Такое положение вещей приводит к парадоксальной ситуации, когда чиновник от образования, функции которого состоят в переводе качества работы культуролога в количественное измерение, не всегда способен сохранить связь с реальностью образовательного процесса. Так, из выделяемых ранее на руководство дипломной работой более 30 академических часов сегодня осталось 17, а курсовая работа предполагает участие профессора в работе со студентом в размере всего лишь одного академического часа. Стараясь предотвратить подобное в своей практике, профессор и директор одного из центров Фордхам-ского университета США качественное развитие образовательного процесса предлагает оценивать неформально, а содержательно. Анализируя механизм образовательного процесса, приводящий к более качественной работе со студентами и коллегами, профессор приходит к выводу, что забота о качестве неожиданным образом сказалась на ее чтении. Она пишет, что с годами у нее выработалась неторопливая манера чтения как слушания,

способная раскрыть аллюзивные смыслы текста, ранее недоступные вниманию.

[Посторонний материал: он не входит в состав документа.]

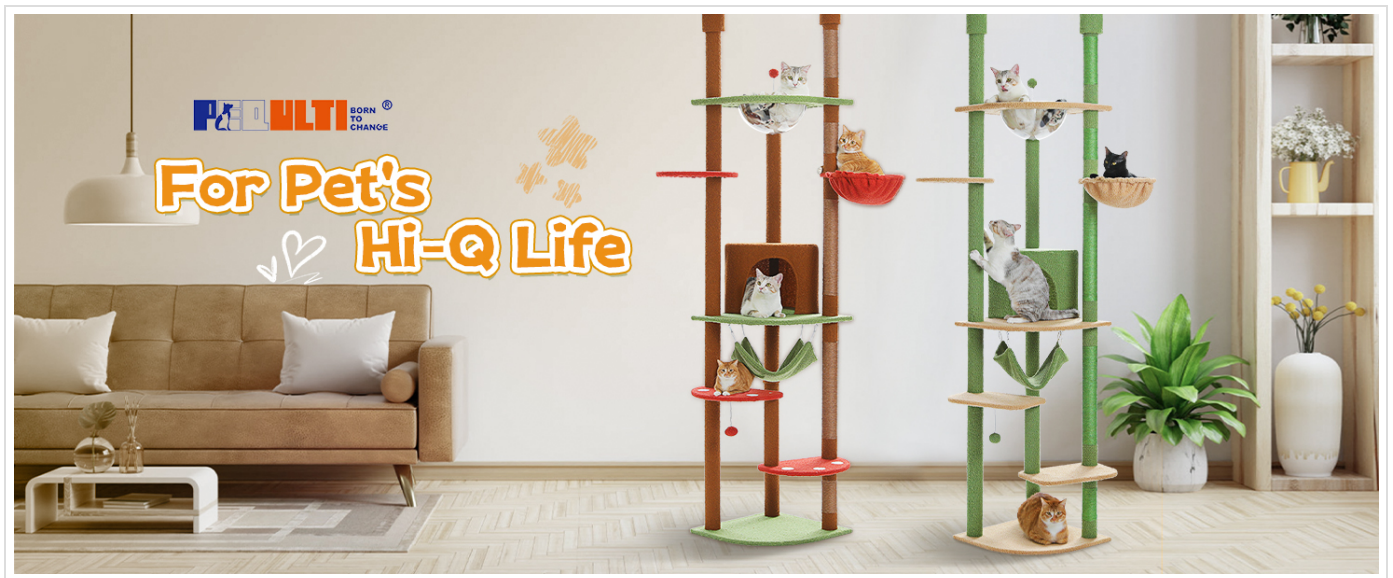
Figure 1: PEQULTI Floor to Ceiling Cat Tree in Cactus Green.
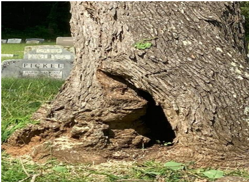
Rot going through 1 of 3 trees City Cemetery
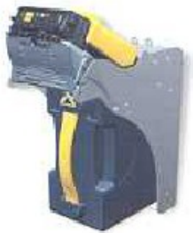
World class standard note acceptor Cartridges (1,200 notes per Cartridge). (Standard)

With its highly practical, affordable in maintaining and low operating cost, F8060 enables maximizing of profits. Collection logic can be configured with ease without any programmatic dependence on vendor. The F8050 is the parking equipment that will enable your business to enjoy unattended collection 24 hours x 365 days.
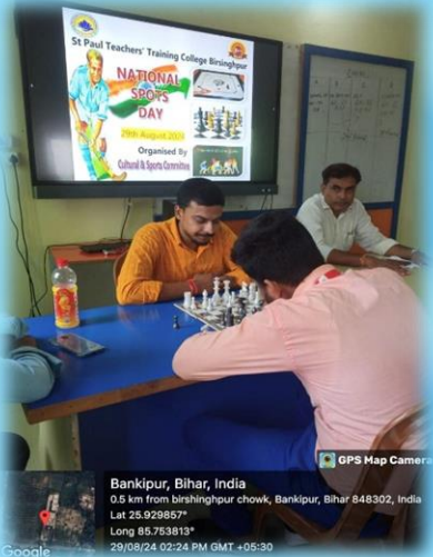
Bankipur, Bihar, India 0.5 km from birsinghpur chowk, Bankipur, Bihar 848302, India Lat 25.929857° Long 85.763813° 29/08/24 02:24 PM GMT +05:30
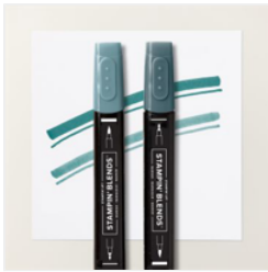
Pretty Peacock Stampin' Blends Combo Pack - 161676
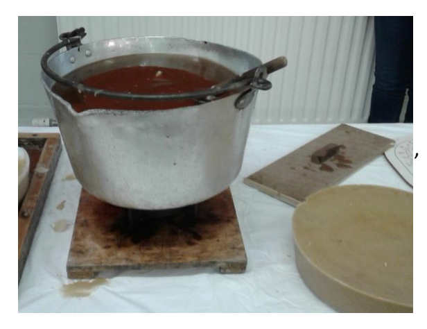
Beeswax melting over water
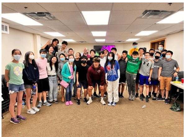
Senior Graduation Celebration
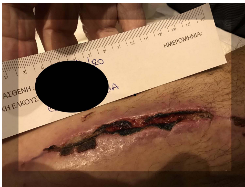
Figure 1 Wound on medial left tibia post CABG surgery.

The patient has provided the authors informed consent to publish the details of the case and all relevant images.
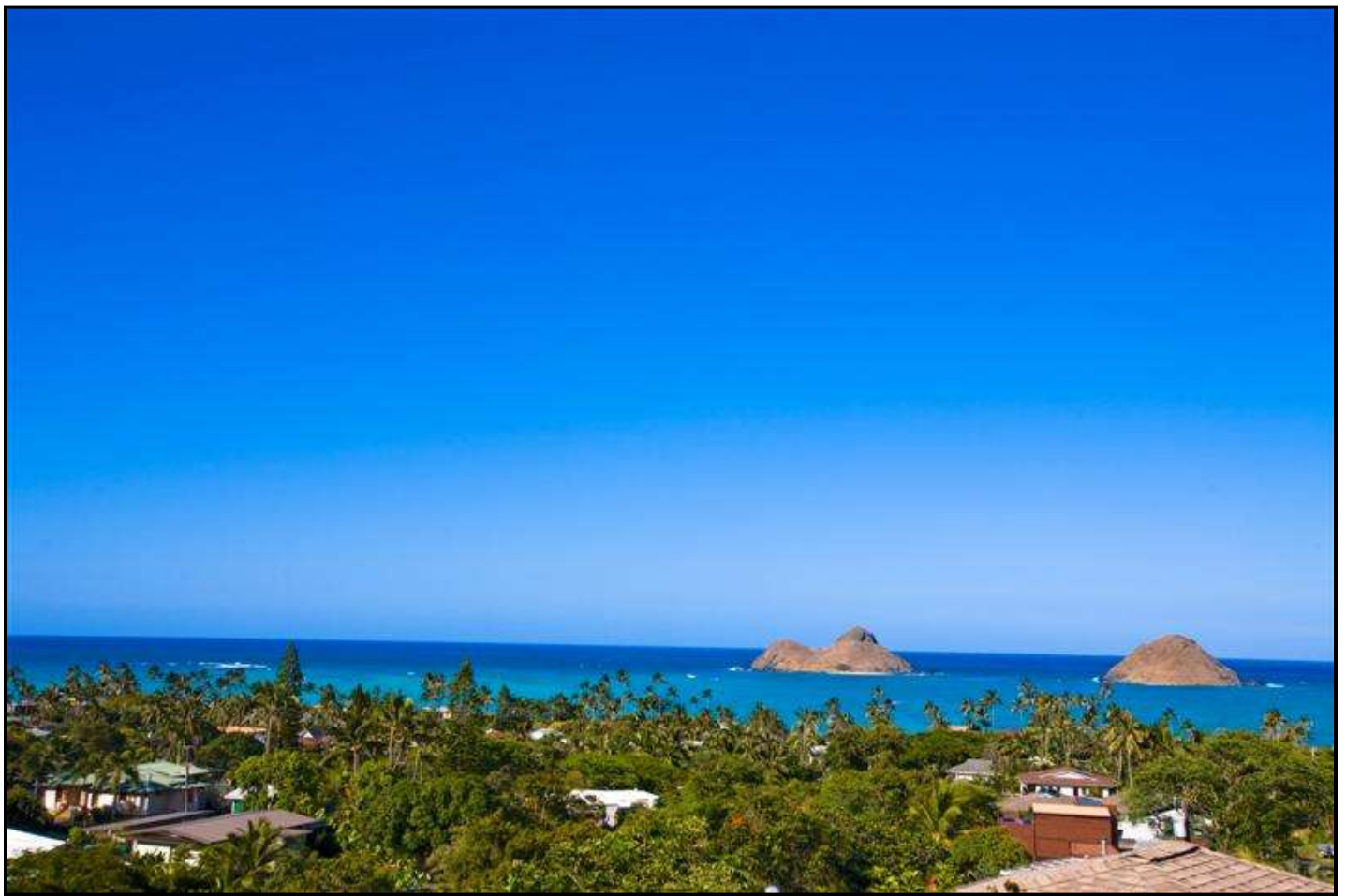
The View from the 2 nd Floor Lanai
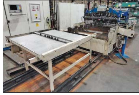
Schlatter Model MG12.4/4C Wire Mesh Welder
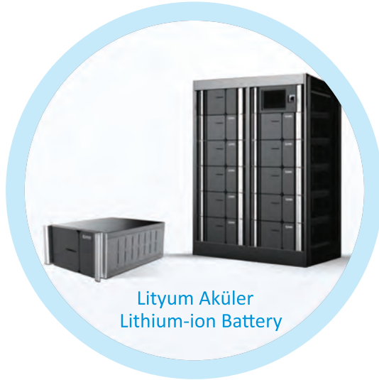
Lityum Aküler Lithium-ion Battery

Вот как она описывает рутинную часть своей работы: «В последнюю декаду я работаю над научным изданием новеллы Вирджинии Вулф "Миссис Далловэй". Это означает что мне приходится сравнивать Британскую и Американскую версию новеллы, прочесывать письма и дневники для того, чтобы собрать историю того, как она решила приступить к написанию новеллы, а также работать со сносками, со множеством сносок» [5, с. 36]. А вот каким оказывается результат длительной и скрупулезной, требующей большого количество времени работы: «Эта работа вселяет в меня и боль и вдохновение. Я должна была замедлить процесс моего чтения до скорости движения ледников и выработать в себе привычку к слушанию того, что я называю свистом собаки, наталкивающим на возможные смыслы». Даже перевод сказанного профессором требует времени, чтобы разобраться в том, что же она, наконец, хочет сообщить своему читателю. Что в ее чтении появилось нового от того, что она стала тратить больше времени на чтение и проникновение в текст. Если бы к ее тексту мы подошли со стороны выделяемого времени на прочтение, которое предполагает курсовая работа, и без проникновения в глубину высказываемого, попробовали бы перевести текст на русский язык, то он прозвучал бы примерно так: «Эта работа является больной, но вдохновляет меня. Я читаю медленно как в ледниковый период. Я читаю так, чтобы услышать собачий свист возможных ассоциаций». Однако даже это было бы немного «олитературенный перевод», по крайней мере, предполагающий знание грамматики.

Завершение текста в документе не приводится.